The only concept the bot has of restoring old content is if the edit summary says so. In this case, the edit was probably identified as vandalism because it had borderline statistics (but would not ordinarily be considered vandalism), combined with the fact that the user had vandalized a number of times before. Statistically, if a large portion of a user's previous edits have been vandalism, it's much more likely for their current edits to be vandalism. Alone this is not enough to trigger a vandalism classification, but it can push over the edge what might otherwise be a borderline edit. As the dataset grows, this will become more fine-tuned and less likely to be identified as vandalism, and the percentage of past edits that have been vandalism will remain a useful statistic in estimating good faith/bad intentions. Crispy1989 (talk) 00:25, 5 November 2010 (UTC)[reply]

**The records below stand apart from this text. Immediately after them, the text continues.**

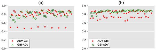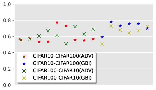 The generalizability of the detector mainly includes (1) the generalizability of datasets; (2) the generalizability of target model architecture. In addition, the generation methods of adversarial examples and fake images are DeepFool and WGAN [15,40], respectively. In addition, we have to describe the experiment case in the form of condition I–condition II. For example, CIFAR10–CIFAR100 represents that the detector is trained by CIFAR10 and evaluated by CIFAR100. Limited by the two time-scale update rule (TTUR), we only use AutoGAN [41] and TransGAN [42] generators on the CIFAR10 dataset. Below, we provide a detailed introduction to the experimental content.
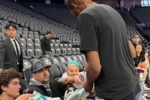 GIF-杜兰特赛前暖心为球迷签名
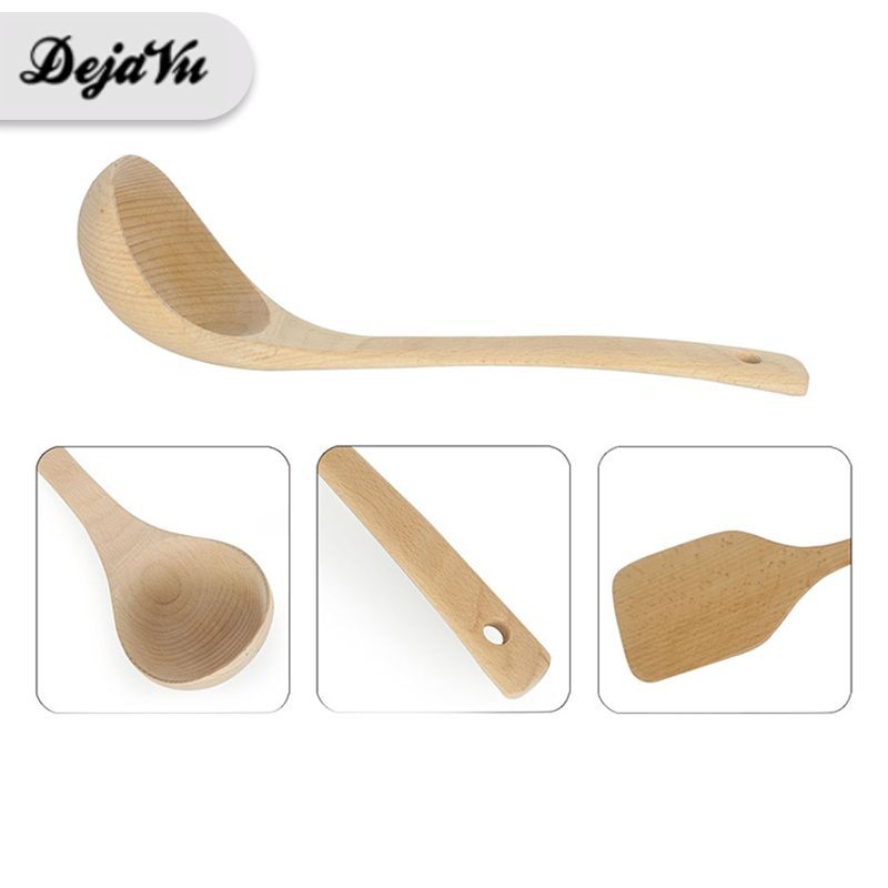 Dejavu Sutil Kayu Sodet Spatula Kayu beech Sendok Sup Pengaduk Nasi Adonan Centong Bulat HLS201

Could you also clarify why the user was warned for adding "an"? - Kingpin¹³ (talk) 15:09, 5 November 2010 (UTC)[reply]

The neural network functions by analyzing statistics. Because "an" is a common word, word-based statistics do not apply. What the neural network sees is a user inserting a short word into the middle of an article - a user than already has several warnings. Without the existing warnings, the score would end up being 0.5 or less, well below the 0.95 threshold it's currently at. Multiple previous warnings significantly increase the probability that a given edit is classified as vandalism. Increasing dataset size and including instances where users with multiple warnings made constructive edits will decrease this kind of occurrence. Note: Removing this statistic from the neural network decreased catch rate when normalized to the same false positive rate, so this statistic is helpful overall to the performance of the method. Crispy1989 (talk) 16:46, 5 November 2010 (UTC)[reply]

Helping to classify ..

This [27] appears in the Dry Run but does not seem to be clear vandalism to me. Maybe greater weight needs to be given to the context of the change?

Is it actually worthwhile for humans to review the whole of the Dry Run? If so, what's the best way to flag what's been reviewed?

BTW, I tried to get myself a Google id to help out with reviewing the dataset and ended up writing a scathing comment about the user hostility of the application process. Philip Trueman (talk) 06:40, 5 November 2010 (UTC)[reply]

There are no (preset) weights. Statistics are combined using a neural network. To correct outlying datapoints like this, the datasize must grow. It's not really worthwhile to review the entire dry run - particularly since it's with an older version. The dataset review interface combines edits randomly from several sources - one of these sources is edits that bot is unsure of. So the dataset review interface is by far the best way to help. Crispy1989 (talk) 06:51, 5 November 2010 (UTC)[reply]

possible false positive

I may be wrong, but this edit didn't seem like vandalism to me. --Ixfd64 (talk) 03:55, 8 November 2010 (UTC)[reply]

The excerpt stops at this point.